Renert and Hawthorne induced more than 700 investors in 49 states and more than 100 investors overseas to purchase interests in 30 entities known as the Hawthorne Sterling Family of Funds. (Div. Ex. 2 at 8.) Renert and Hawthorne misrepresented through the internet, offshore seminars, and a network of sales agents that the funds would invest in bank debentures, which were actually fictitious prime bank instruments. (Div. Ex. 2 at 8.) Renert and Hawthorne failed to disclose that Renert used fund assets to engage in day trading in internet stocks, losing at least $2.2 million, and to fund a mortgage on one of Renert’s homes. (Div. Ex. 2 at 11.)

Renert’s explanation is, uhm.

In what may well be his own words:

This is Ian Renert. I was the fund manager for a Bahamian family of funds organised in 1997. BDO International served as both our accountants and auditors. [BDO International is the 5th largest accounting firm in the world]. The Bahamas office of the Firm illegally forced us into receivership under their control on 7th June 2000 and used this opportunity to bury their culpability and that of their Isle of Man operation. While they were at it, they invoiced us for millions of dollars, thereby stealing millions of dollars of our assets in what they claimed would be a ‘protective receivership.’ Through my efforts and that of our lawyer, Maurice Glinton of Freeport, Bahamas – whom I found – we were successful in overturning the receivership, suing and winning lawsuits against BDO and our former lawyers in 2004 (Callender’s & Co. conspired with BDO to create the illegal receivership). Thankfully we received justice through the courts in the Bahamas. It is too bad that the SEC decided to make me into the fall guy and totally excluded all evidence of what the BDO organisation did in their involvement as both our accountants and auditors. It is frightening that such an occurrence is possible within the U.S. legal system.

Most investment managers would have walked away from their clients as soon as they stopped receiving their paychecks. However, I have continued to work for my clients for nearly five years since receiving my last one. My goal is for my clients to receive the value stated on their last statement plus damages, and if that happens, I shall feel as though we were successful in our efforts.

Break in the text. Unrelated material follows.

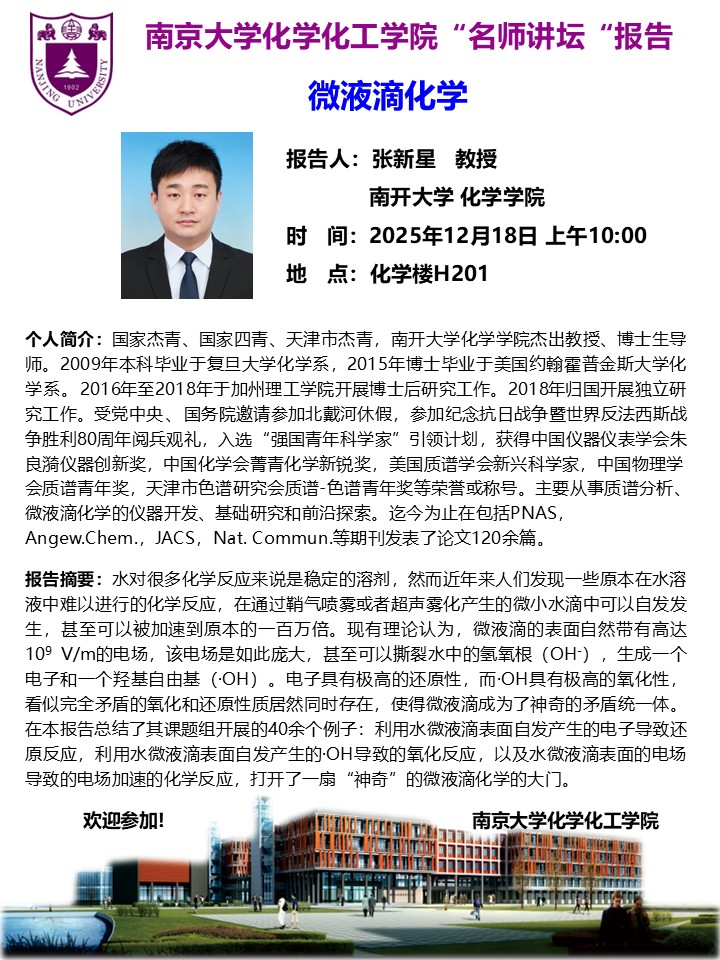 12月18日名师讲坛-张新星教授:微液滴化学

Shame on you BDO International and the SEC!

Ian Renert

Mr. Renert has been very active in hunting down and eliminating things that he claims are defamatory. One particularly long post giving a great amount of detail about his dealings was followed up to shortly later with claims that it was posted by a hacker, and that Ian and Larry can prove they weren’t near a computer, and so on and so forth. And yet…

It all rings hollow.

Here’s a sample from his latest snail mail:

I authored two books on legitimate bank instrument transactions and for this got on the SEC’s hit list. Con artists were using my books to legitimatize what they were attempting to do. And some law firms were hiring me to aid them in defending in their clients’ defence! The SEC didn’t like that.

That’s certainly an innovative take on things. But it doesn’t make any sense; the SEC’s got no history of going after people for writing investment books! Rather, they have a history of going after fraudsters.

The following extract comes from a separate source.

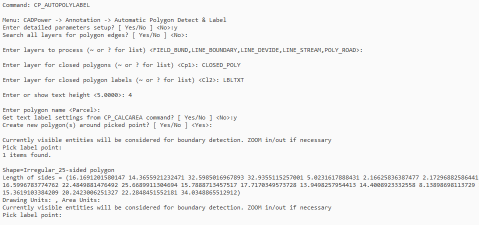 Input transcript of the CP_AUTOPOLYLABEL command, along with command-line output

I talked to Mr. Renert on the phone for a while. He’s a likeable guy, and he oozes palpable sincerity at all times. That, even more than the SEC rulings and court findings, are among the things that initially convinced me that he was a habitual liar — only habitual liars sound sincere when saying things of no consequence.

But let’s look at another quote from his snail mail:

The site associates me with bank debenture fraud which is not the case and it refers to me as a “queer” which, calling someone that is classified as a hate crime in the US.

Spoken like a man who never watched any prime time television. Furthermore, a casual review of the literature shows that the term “queer” is often used by proponents of hate-crime legislation to refer to the people they hope to protect. Hardly convincing.

His latest missive gets even more surreal:

I have written to you on numerous occasions about the above-referenced link and about the use of the word ‘‘queer’‘ which is classified as a hate crime. If you do not remove any and all references to my name, I will have no choice but to begin a campaign with the FTC and other regulatory agencies. That will bring attention to you and your activities as well as to any other questionable materials being broadcast on your server(s). I will spend the time to initiate the campaign. I think you know that by now. But it would be in everyone’s best interest to simply remove references to my name now rather than later.

So, what do we know?

We know that Ian Renert was tagged for involvement with fraud, and that many people have identified him as a participant in particular frauds they fell prey to.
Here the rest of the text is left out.